- Aim of the task -
Write out the whole listing below exactly, skipping each picture.

- Information given -
-------------------------

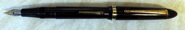 This is a Bury, an English-made pen I’ve never heard of before and about which I can discover precisely nothing.  Was it made in Bury St. Edmunds?  Is the pen so bad that it should be buried?  Actually, no.  It’s clearly a cheap pen.  Going on the plastic feed and section, I’d guess at the early fifties.  Whatever gold-alike substance was once on the trim has suffered quite a bit of wear.
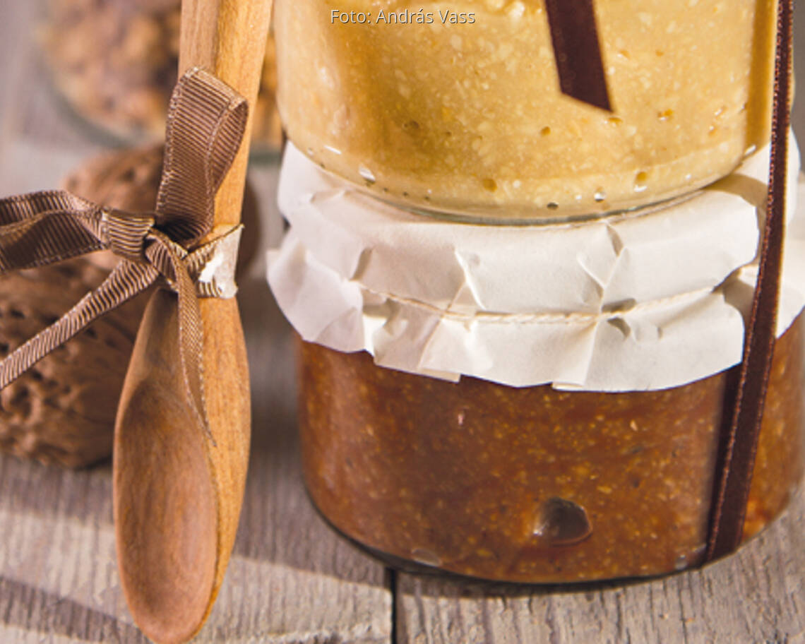 Die Walnüsse ohne Öl leicht rösten, dann fein mahlen. In die Küchenmaschine geben, den Honig, das Öl und die über Wasserdampf geschmolzene Bitterschokolade zugeben.
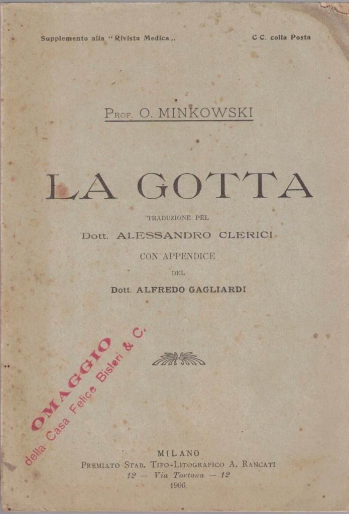 Prof. O. Minkowski, La gotta, traduzione pel Dott. Alessandro Clerici. Con Appendice del Dott. Alfredo Gagliardi, Premiato Stab. Tipo-Litografico A. Rancati, Milano 1906, pp. 142, cm 17, br. ed. In testa alla prima di copertina: Supplemento alla Rivista Medica. Alla prima di copertina, timbro: Omaggio della Casa Felice Bisleri e C. Leggere tracce d’uso alla brossura, piccolissima mancanza al dorso e al margine della prima di copertina, minime fioriture, lieve brunitura della carta, per il resto bell’esemplare.
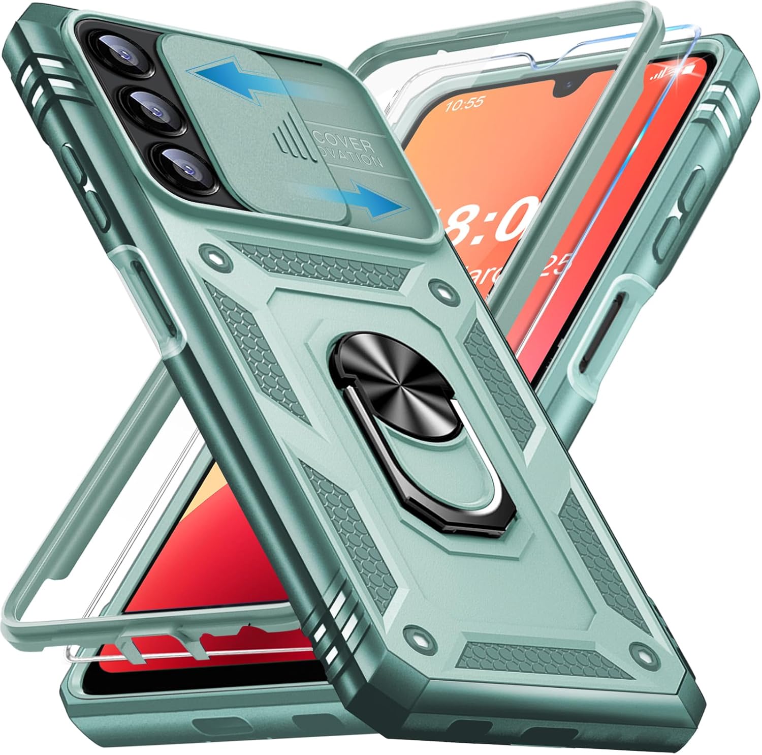 Калъф за мобилен телефон Giyer за Samsung Galaxy A14 5G с протектор за екрана, защитен калъф за Galaxy A14 5G със защита на камерата, въртяща се на 360° метална стойка с пръстен, удароустойчива броня A14 5G 6.8 инча
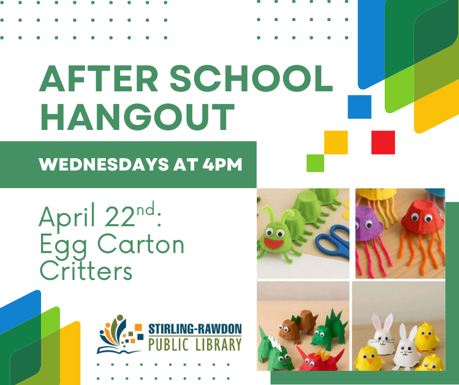 We’re upcycling egg cartons into critters this week after school! No registration required. Recommended for ages 5 and up.
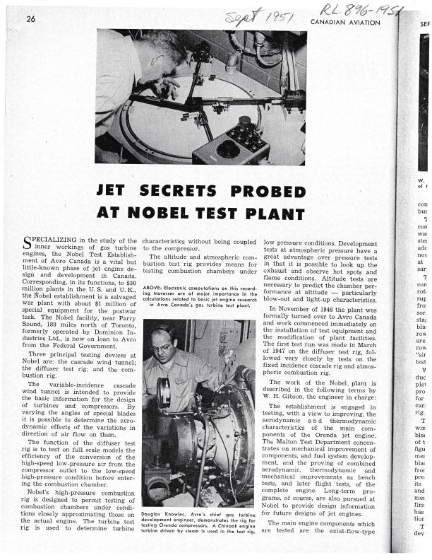 pg. 26, 27, 83, 84 Description of work at Orenda's Nobel site - images include Douglas Knowles demontrating the rig for testing Orenda compressors, W.S. Jones checking air compressor, Leslie Fielding checking compressor with stethoscope, W. Harry Gibson engineer in charge of the Avro gas turbine test plantPublication Details
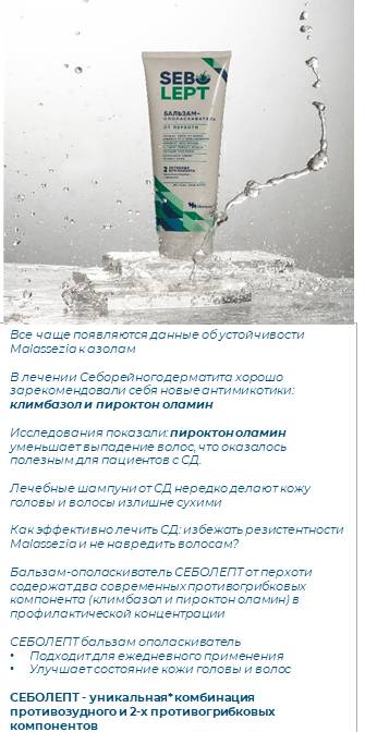 6.Договориться о назначении Себолепт шампуня от перхоти + Себолепт бальзама-ополаскивателя пациентам с обострением СД вместо шампуней с кетоконазолом (не менее, чем 3-м пациентам в неделю).
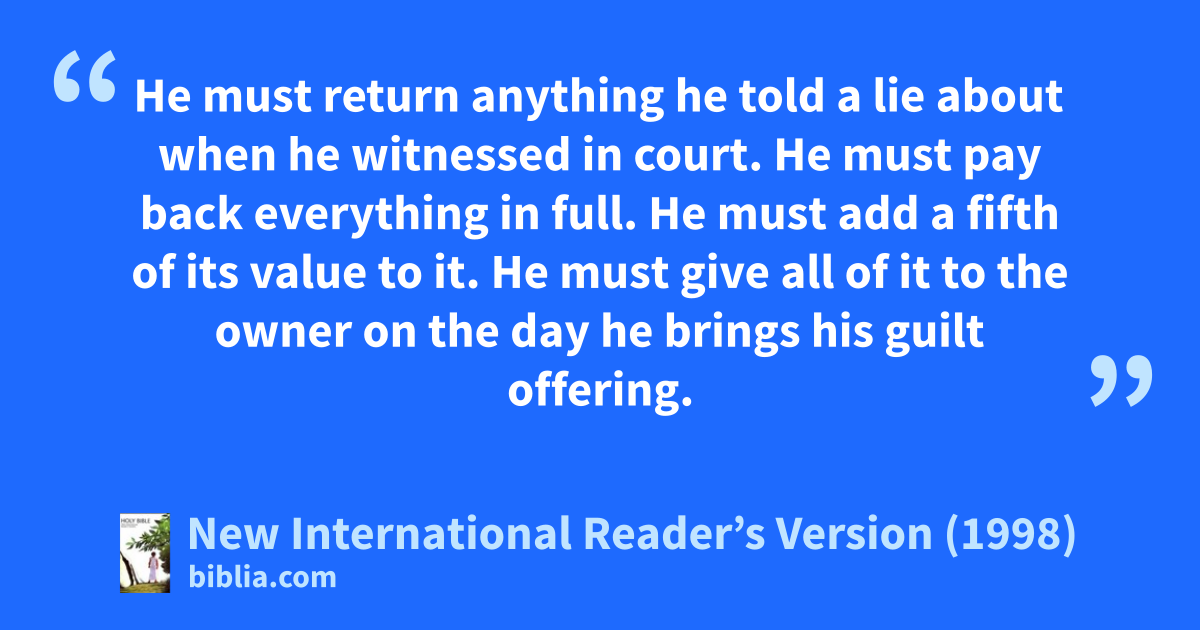 4“When he sins in any of those ways, he becomes guilty. He must return what he stole. He must give back what he took by cheating his neighbors. He must return what they placed in his care. He must return the lost property he found. 5He must return anything he told a lie about when he witnessed in court. He must pay back everything in full. He must add a fifth of its value to it. He must give all of it to the owner on the day he brings his guilt offering.
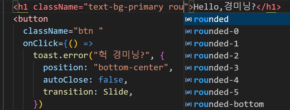 <h1 className="text-bg-primary mt-5">Hello,경미닝?</h1>
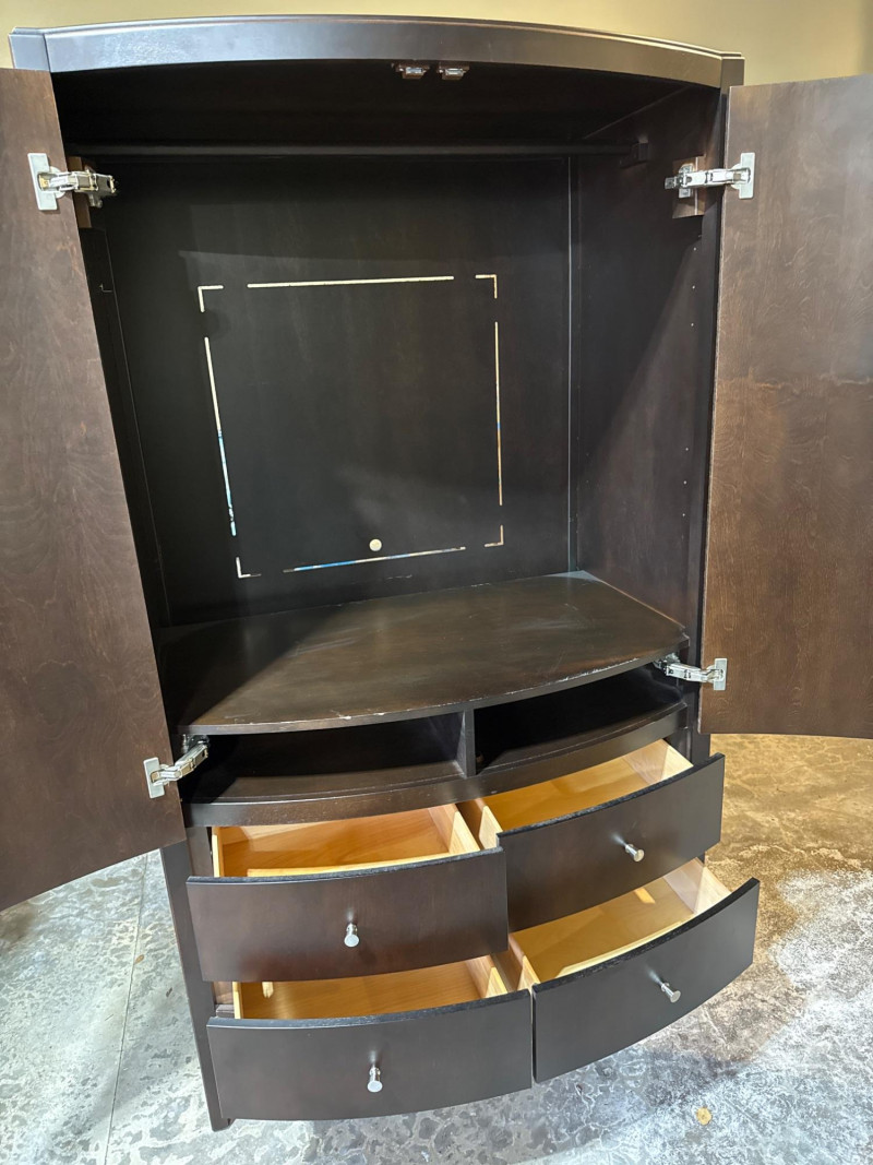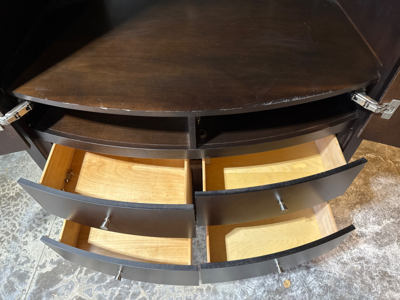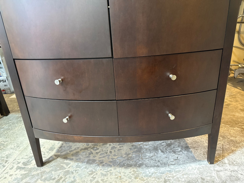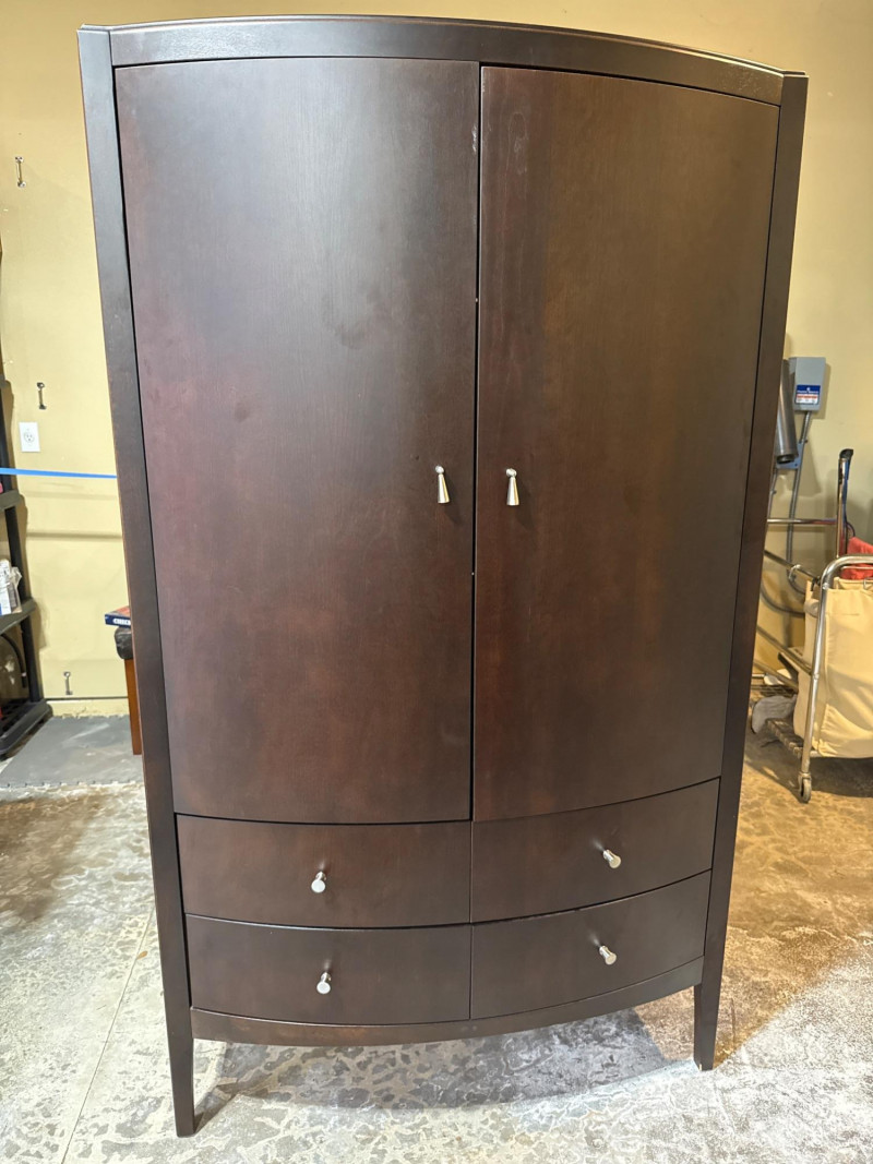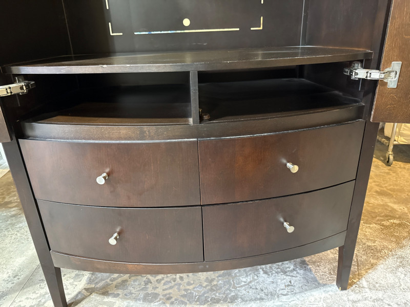 Classic Bombay armoire featuring a rich dark wood finish and signature curved front design. Includes two cabinet doors with interior shelving and cable management cutout, plus four lower drawers for additional storage. Finished with elegant silver-tone hardware and tapered legs, offering both style and functionality. Some light wear/tear consistent with use.
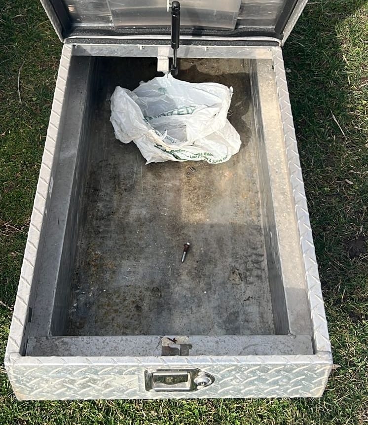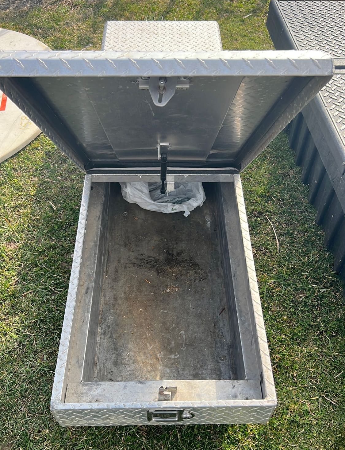 71 Plastic Truck Toolbox - latch is broke on one side, 70”x16.5”x21”

-------------------------

- Task answer -
 This is a Bury, an English-made pen I’ve never heard of before and about which I can discover precisely nothing.  Was it made in Bury St. Edmunds?  Is the pen so bad that it should be buried?  Actually, no.  It’s clearly a cheap pen.  Going on the plastic feed and section, I’d guess at the early fifties.  Whatever gold-alike substance was once on the trim has suffered quite a bit of wear.
 Die Walnüsse ohne Öl leicht rösten, dann fein mahlen. In die Küchenmaschine geben, den Honig, das Öl und die über Wasserdampf geschmolzene Bitterschokolade zugeben.
 Prof. O. Minkowski, La gotta, traduzione pel Dott. Alessandro Clerici. Con Appendice del Dott. Alfredo Gagliardi, Premiato Stab. Tipo-Litografico A. Rancati, Milano 1906, pp. 142, cm 17, br. ed. In testa alla prima di copertina: Supplemento alla Rivista Medica. Alla prima di copertina, timbro: Omaggio della Casa Felice Bisleri e C. Leggere tracce d’uso alla brossura, piccolissima mancanza al dorso e al margine della prima di copertina, minime fioriture, lieve brunitura della carta, per il resto bell’esemplare.
 Калъф за мобилен телефон Giyer за Samsung Galaxy A14 5G с протектор за екрана, защитен калъф за Galaxy A14 5G със защита на камерата, въртяща се на 360° метална стойка с пръстен, удароустойчива броня A14 5G 6.8 инча
 We’re upcycling egg cartons into critters this week after school! No registration required. Recommended for ages 5 and up.
 pg. 26, 27, 83, 84 Description of work at Orenda's Nobel site - images include Douglas Knowles demontrating the rig for testing Orenda compressors, W.S. Jones checking air compressor, Leslie Fielding checking compressor with stethoscope, W. Harry Gibson engineer in charge of the Avro gas turbine test plantPublication Details
 6.Договориться о назначении Себолепт шампуня от перхоти + Себолепт бальзама-ополаскивателя пациентам с обострением СД вместо шампуней с кетоконазолом (не менее, чем 3-м пациентам в неделю).
 4“When he sins in any of those ways, he becomes guilty. He must return what he stole. He must give back what he took by cheating his neighbors. He must return what they placed in his care. He must return the lost property he found. 5He must return anything he told a lie about when he witnessed in court. He must pay back everything in full. He must add a fifth of its value to it. He must give all of it to the owner on the day he brings his guilt offering.
 <h1 className="text-bg-primary mt-5">Hello,경미닝?</h1>
 Classic Bombay armoire featuring a rich dark wood finish and signature curved front design. Includes two cabinet doors with interior shelving and cable management cutout, plus four lower drawers for additional storage. Finished with elegant silver-tone hardware and tapered legs, offering both style and functionality. Some light wear/tear consistent with use.
 71 Plastic Truck Toolbox - latch is broke on one side, 70”x16.5”x21”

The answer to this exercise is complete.